Second button has class NotifiableButton (it has already been described above). The button will process messages by itself.

          { // 2
            _layout<NotifiableButton> button2("Button2", BUTTON_WIDTH, BUTTON_HEIGHT);
          } // 2

Third button is created based on the explicitly defined window variable, m_button3, and has a "sticking" property.

          { // 3
            _layout<CButton> button3(m_button3, "Button3", BUTTON_WIDTH, BUTTON_HEIGHT, "Locked");
            button3 <= true; // for buttons default boolean property is Locking
          } // 3
        }

Please note that all buttons are enframed in their own blocks of braces. due to this, they are added into the row in the order, in which closing braces appear, which are marked as 1, 2, and 3; i.e., in a natural order. We could omit making these "personal" blocks for each button and get limited with the general block of the container. But then the buttons would be added in a reversed order, because the destructors of the objects are always called in the order reversed to that of creating them. We could "fix" the situation by inversing the order of describing the buttons in the layout.

In the third row, there is a container with the controls, spinner and calendar. The container is created "anonymously" and stored in cache.

        {
          _layout<CBox> spinDateRow("spindaterow", ClientAreaWidth(), BUTTON_HEIGHT * 1.5);
          spinDateRow["align"] <= (WND_ALIGN_CONTENT|WND_ALIGN_WIDTH);
          
          {
            _layout<SpinEditResizable> spin(m_spin_edit, "SpinEdit", GROUP_WIDTH, EDIT_HEIGHT);
            spin["min"] <= 10;
            spin["max"] <= 1000;
            spin["value"] <= 100; // can set value only after limits (this is how SpinEdits work)
          }
          
          {
            _layout<CDatePicker> date(m_date, "Date", GROUP_WIDTH, EDIT_HEIGHT, TimeCurrent());
          }
        }

Finally, the last container fills all the remaining area of the window and contains two columns with elements.
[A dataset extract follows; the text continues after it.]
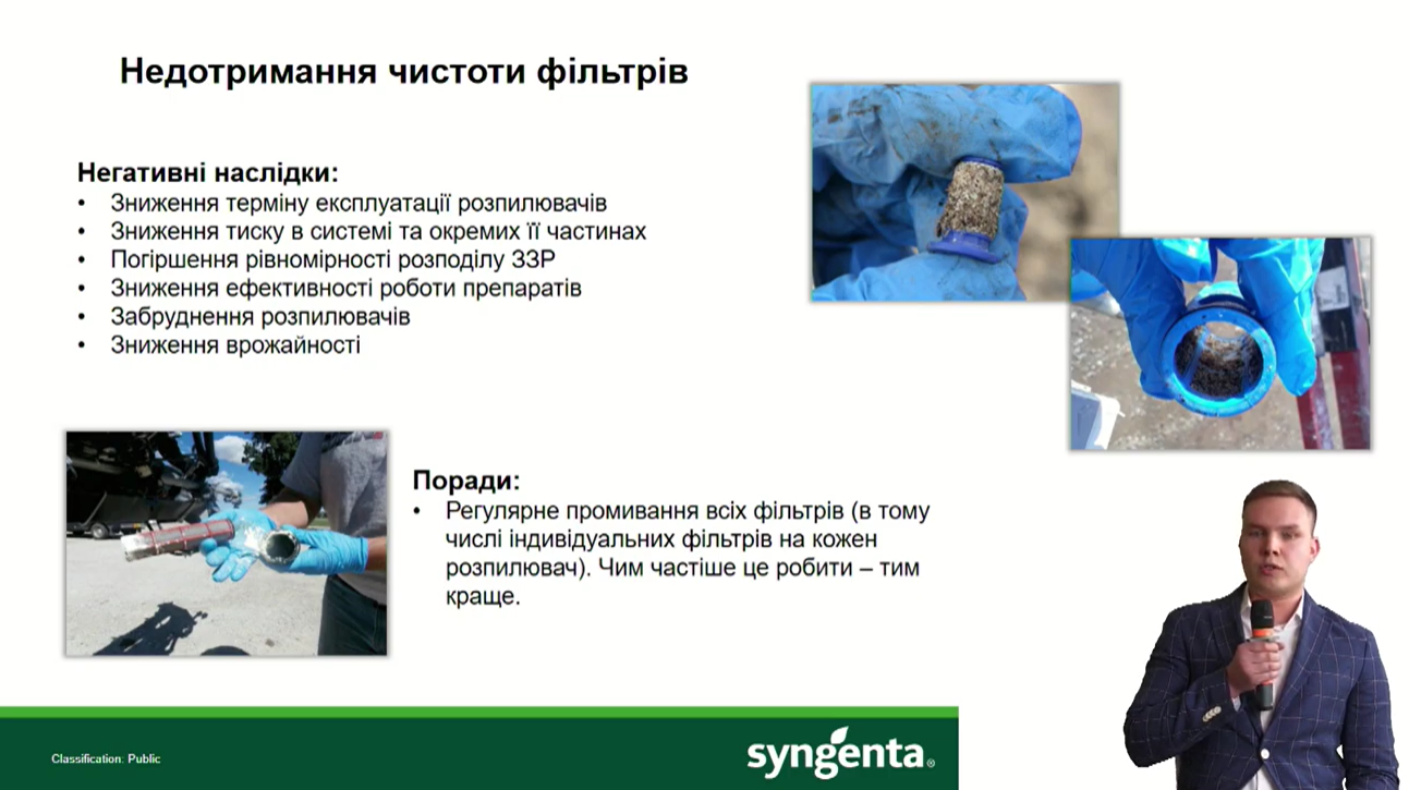 Фахівець з технологій внесення компанії Syngenta Дмитро Бовкун розповів основні проблеми та помилки при внесенні ЗЗР та їх ефективне вирішення. Зокрема, за словами експерта, для ефективної роботи обприскувачів є обов’язковим використання фільтрів: «Фільтри потрібно використовувати на всіх етапах — від транспортування до внесення ЗЗР. Фільтр повинен бути як центральним, так і на секціях, а кожному із розпилювачів». Також на роботу обприскувача впливає дотримання оптимальної швидкості руху агрегату, висоти штанги під час розпилювання, контроль робочого тиску.
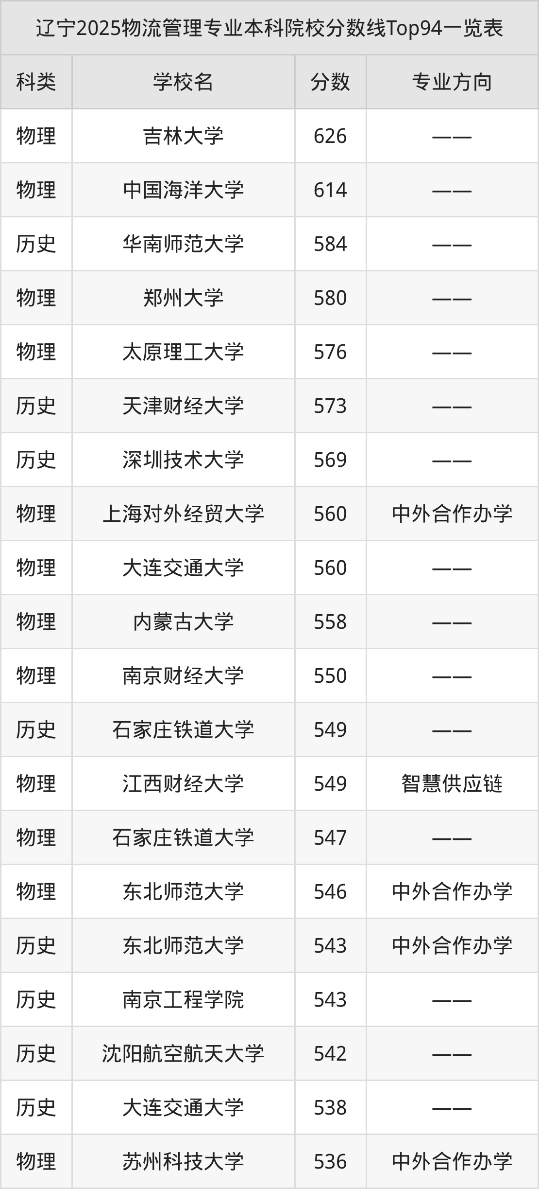 三、物流管理本科大学2025录取分数线

Bright colors are exclusively assigned to clearly demonstrate which container is where in the window.

        {
          _layout<CBox> listRow("listsrow", ClientAreaWidth(), LIST_HEIGHT);
          listRow["top"] <= (int)(EDIT_HEIGHT * 1.5 * 3);
          listRow["align"] <= (WND_ALIGN_CONTENT|WND_ALIGN_CLIENT);
          (listRow <= clrMagenta)["border"] <= clrBlue;
          
          createSubList(&m_lists_column1, LIST_OF_OPTIONS);
          createSubList(&m_lists_column2, LIST_LISTVIEW);
          // or vice versa (changed order gives swapped left/right side location)
          // createSubList(&m_lists_column1, LIST_LISTVIEW);
          // createSubList(&m_lists_column2, LIST_OF_OPTIONS);
        }

Here, it should be specially noted that two columns, m_lists_column1 and m_lists_column2, are filled out not in method CreateLayout itself, but using the helper method, createSubList. In terms of layout, the function is called in a manner that does not differ from entering into the next block of braces. It means that the layout does not necessarily consist of a long static list, but it may include fragments that are modified by condition. Or you can include the same fragment into different dialogs.

In our case, we can change the order of columns in the window, by changing the second parameter of the function.

      }
    }

Upon closing all braces, all the GUI elements are initialized and connected to each other. We call method Pack (directly or via SelfAdjustment, where it is also called as a response to requesting a "rubber" dialog).

    // m_main.Pack();
    SelfAdjustment();
    return true;
  }

We are not going to get into details of method createSubList. Inside, the possibilities are implemented that allow generating a set of 3 "controls" (combo-box, group of options, and group of radiocolumns) or a list (ListView), all being made as "rubber" ones. Of interest is that "controls" are filled using another class of generators, ItemGenerator.

  template<typename T>
  class ItemGenerator
  {
    public:
      virtual bool addItemTo(T *object) = 0;
  };

The only method of this class is called from layout for the object "control", until the method returns false (a sign of the data end).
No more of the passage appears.